Windows itself will attempt to handle it as a UNC path, but the path is invalid. Specifically, before passing the path to the kernel, Windows collapses all of the extra slashes, except an initial slash count greater than two always leaves an extra slash in the path. For example:

    >>> open(r'\\\\server\\share\\folder\\file')
    Breakpoint 0 hit
    ntdll!NtCreateFile:
    00007ffb`a1f25b70 4c8bd1          mov     r10,rcx
    0:000> !obja @r8
    Obja +00000049781ef160 at 00000049781ef160:
            Name is \??\UNC\\server\share\folder\file
            OBJ_CASE_INSENSITIVE

Notice the extra backlash in "UNC\\server". Thus a valid UNC path must start with exactly two slashes. 

Using forward slash is generally fine. The Windows API substitutes backslash for slash before passing a path to the kernel. For example:

    >>> open(r'//server/share/folder/file')
    Breakpoint 0 hit
    ntdll!NtCreateFile:
    00007ffb`a1f25b70 4c8bd1          mov     r10,rcx
    0:000> !obja @r8
    Obja +00000049781ef160 at 00000049781ef160:
            Name is \??\UNC\server\share\folder\file
            OBJ_CASE_INSENSITIVE

Except you can't use forward slash with a "\\?\" path, which bypasses normal path processing. For example:

    >>> open(r'\\?\UNC/server/share/folder/file')
    Breakpoint 0 hit
    ntdll!NtCreateFile:
    00007ffb`a1f25b70 4c8bd1          mov     r10,rcx
    0:000> !obja @r8
    Obja +00000049781ef160 at 00000049781ef160:
            Name is \??\UNC/server/share/folder/file
            OBJ_CASE_INSENSITIVE

In the kernel '/' isn't a path separator. It's just another name character, so this looks for a DOS device named "UNC/server/share/folder/file". Microsoft file systems forbid using slash in names (for POSIX compatibility and to avoid needless confusion), but you can use slash in the name of kernel objects such as Event objects, or even in the name of DOS devices defined via DefineDosDevice.
msg269410 - (view) Author: Dustin Oprea (Dustin.Oprea) Date: 2016-06-27 22:21
Thank you for your elaborate response. I appreciate knowing that "\\server\share" could be considered as the "drive" portion of the path.
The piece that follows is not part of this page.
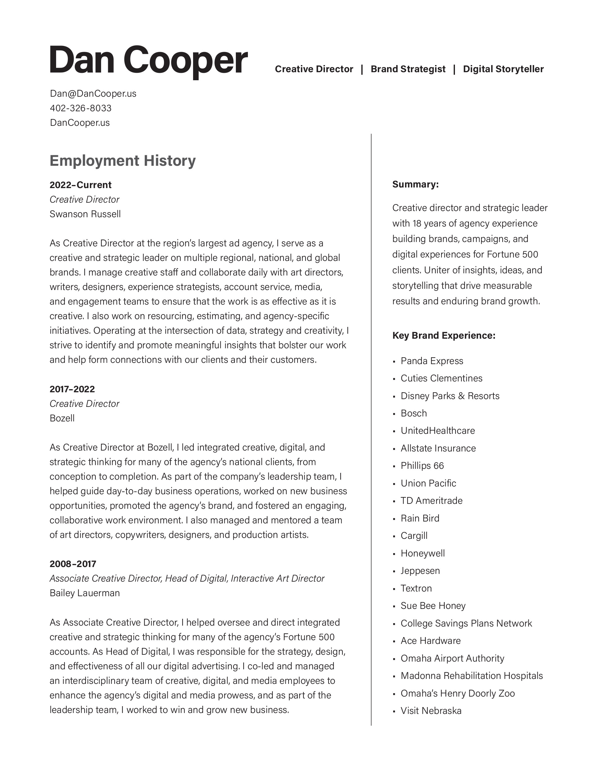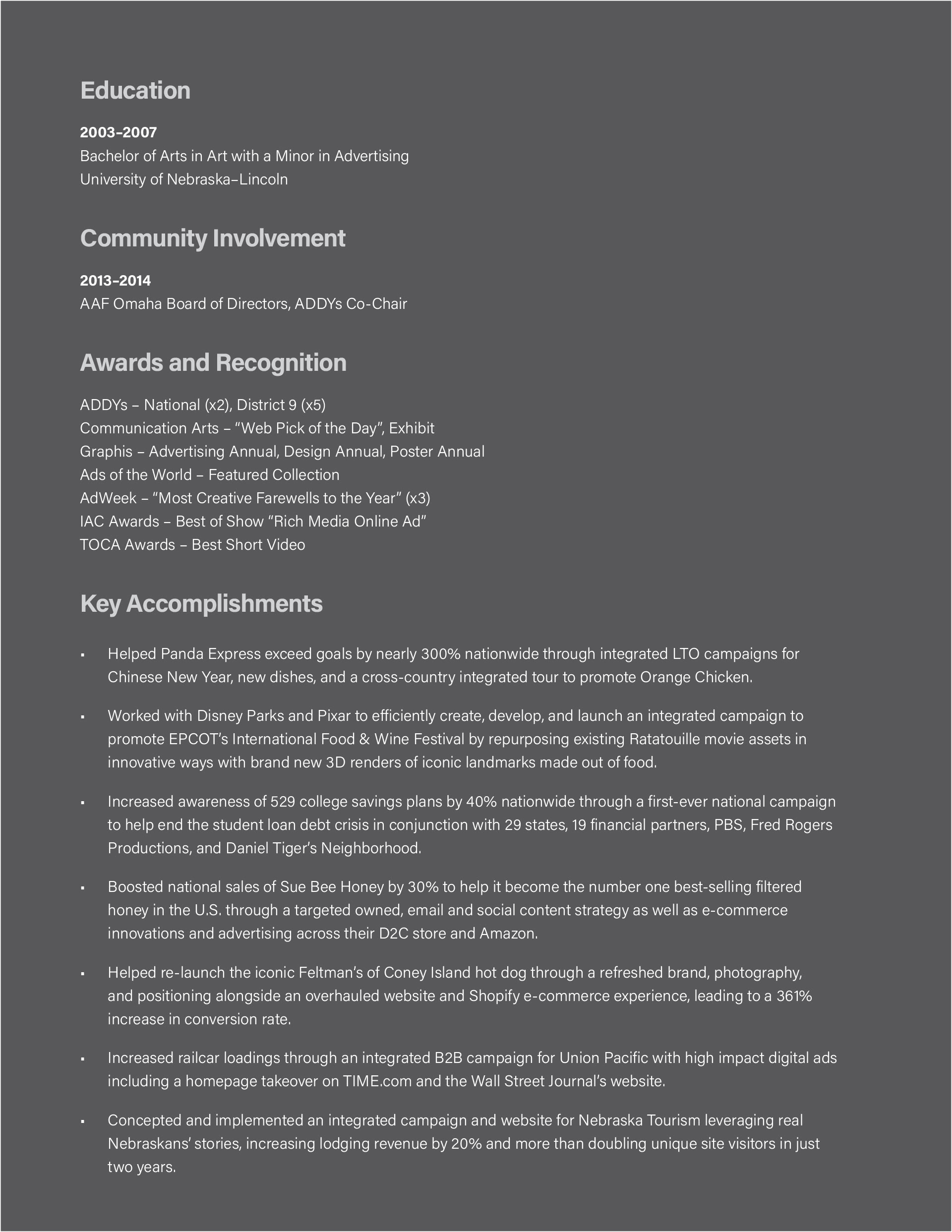 Having served in strategic leadership roles in both digital and traditional creative positions, I’ve gained the ability to make recommendations across channels based on what’s right for the assignment, not just that with which I’m most comfortable. And my experience co-leading a joint media and digital partnership for some of America’s biggest brands means my expertise extends beyond concepting and execution into ensuring that our messaging is reaching the right people at the right time in the right place.

I'm having trouble determining if "\\?\" is literally some type of valid UNC prefix or you're just using it to represent some format/idea. Just curious.
msg269412 - (view) Author: Eryk Sun (eryksun) * (Python triager) Date: 2016-06-28 00:36
Paths starting with "\\.\" (or  "//./") and "\\?\" are not UNC paths. I've provided some explanations and examples below, and I also encourage you to read "Naming Files, Paths, and Namespaces":

https://msdn.microsoft.com/en-us/library/aa365247

"\\.\" is the general way to access DOS devices, but with some path processing still enabled. For example:

    >>> files = os.listdir(r'//./C:/Windows/System32/..')
    >>> [x for x in files if x[:2] == 'py']
    ['py.exe', 'pyw.exe']

Notice that using slash and ".." is allowed. This form doesn't allow relative paths that depend on per-drive current directories. It's actually not recommended to use "\\.\" to access files on drive letters. Normally it's used with drive letters only when directly opening a volume. For example:

    >>> fd = os.open(r'\\.\C:', os.O_RDONLY | os.O_BINARY)
    >>> os.read(fd, 512)[:7]
    b'\xebR\x90NTFS'

The "\\?\" prefix allows the most access to the NT kernel namespace from within the Windows API (e.g. file paths can be up to 32K characters instead of the DOS limit of 260 characters). It does so by disabling all path processing, which means the onus is on the programmer to provide a fully-qualified, Unicode path that only uses backslash as the path separator.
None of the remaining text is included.